Historically, theatre practitioners have employed many strategies to get around censorship. Some have to do with their negotiations and engagement with formal institutions. Some are artistic strategies. Some have to do with how they scale their work – which allows them to stay below the radar.
In my own practice, I have seen a relatively liberal phase when it was possible to engage in a public discourse on artistic freedom, and I now see a deeply cynical and intolerant phase in which such an idea has been completely side-lined, and the artistic community is in a state of siege. We have to believe things will change, but only if we survive the moment and find ways to continue to work, without losing our integrity.
GH: The covid pandemic has shown us how important it is to build a sense of community, of solidarity, among cultural practitioners. How do we sustain the efforts that people like you have been involved in? Is there some way we can pressure state institutions to be more supportive?
SS: The pandemic confirmed our worst fears and our belief that state institutions have no real interest in the arts, or artists. The insensitivity to the terrible difficulties faced by artists during the pandemic period is unimaginable. Where some support was given, artists were subject to the worst kind of humiliation and disrespect. One of our premier cultural institutions exhorted artists to celebrate and participate in state sponsored events like Surgical Strike Diwas! All this during the pandemic.

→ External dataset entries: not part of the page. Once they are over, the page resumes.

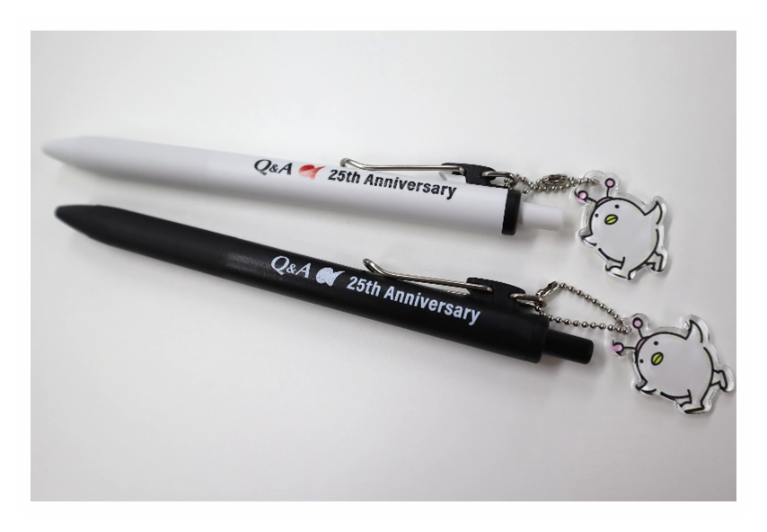 キューアンドエー株式会社は2022年7月1日、創立25周年を迎え、日頃より業務にご尽力いただいている従業員へ感謝の気持ちを込めて、「キューアンドエー株式会社創立25周年 オリジナルキャラクター付きボールペン」 をお届けしました。
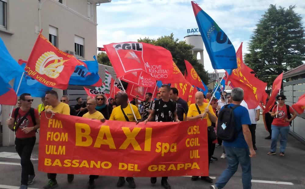 È il giorno del corteo dei lavoratori di Baxi Spa per la manifestazione di protesta indetta dalla Rsu assieme a Fiom Cgil, Fim Cisl e Uilm per scuotere la città sul problema del destino occupazionale degli oltre 500 dipendenti diretti dell’azienda, a cui si aggiungono le centinaia di lavoratori “somministrati” tramite agenzie.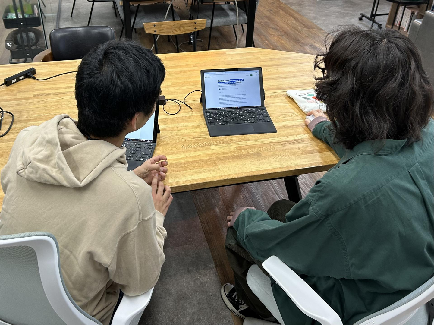 フリーアドレス制を取り入れている当社ですが、指導担当者と実習生が毎日隣同士で座ることも。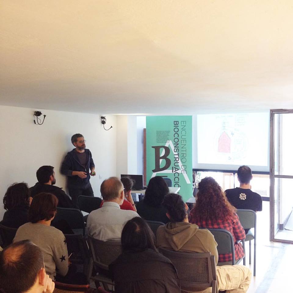 La primera intervención a cargo de Mikel introdujo la bioconstrucción por oposición a un proyecto simulado (falso) que nos relataba la experiencia “bio” de la construcción de “la segunda residencia con estilo nórdico de un monarca árabe en las montañas de atlas bereber, con materiales como barro del delta de un río asiático, maderas tropicales de gran calidad conseguidas a bajo precio, mobiliario de ecodiseño alemán y un sistema domótico de control ambiental que sólo podía ser gestionado por personal especializado”…todo lo que NO es bioconstrucción.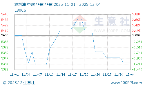 据生意社商品分析系统显示,11月份国内华东地区船燃市场行情震荡下行。截至12月4日国内燃料油180CST均价为5337.50元/吨,较11月1日的5400.00元/吨,下跌1.16%。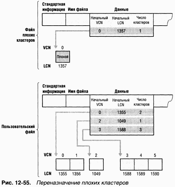 Это предотвращает повторное выделение данного кластера другому файлу. Затем NTFS выделяет новый кластер и изменяет сопоставление VCN-LCN для файла так, чтобы оно указывало на этот кластер. Данная процедура, известная как переназначение плохого кластера (bad-cluster remapping), иллюстрируется на рис. 1255. Кластер номер 1357, содержащий плохой сектор, заменяется новым кластером с номером 1049.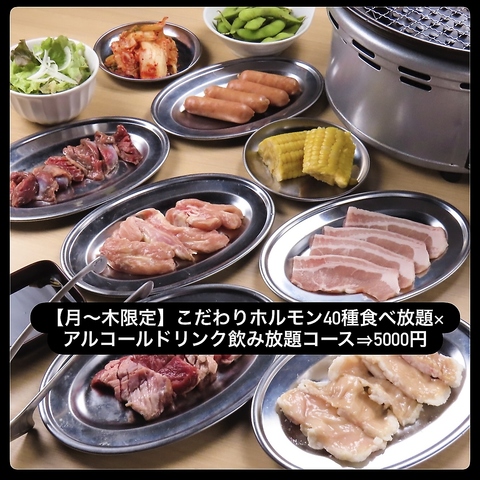 【月~木限定】こだわりホルモン40種食べ放題×アルコールドリンク飲み放題コース⇒5000円

Unless there is space for artists, especially artists who are able to see larger issues beyond their own practice to participate in formal institutions, I think it’s a waste of time trying to work with the state. I understand the argument that these institutions are, by their very public character, obliged to do their duty. But our personal experience of dealing with them has been very poor, and honestly, our time is better spent finding ways to form communities and supporting each other. We have to find, individually and collectively, ways to resist the state’s appropriation of the cultural capital we have built.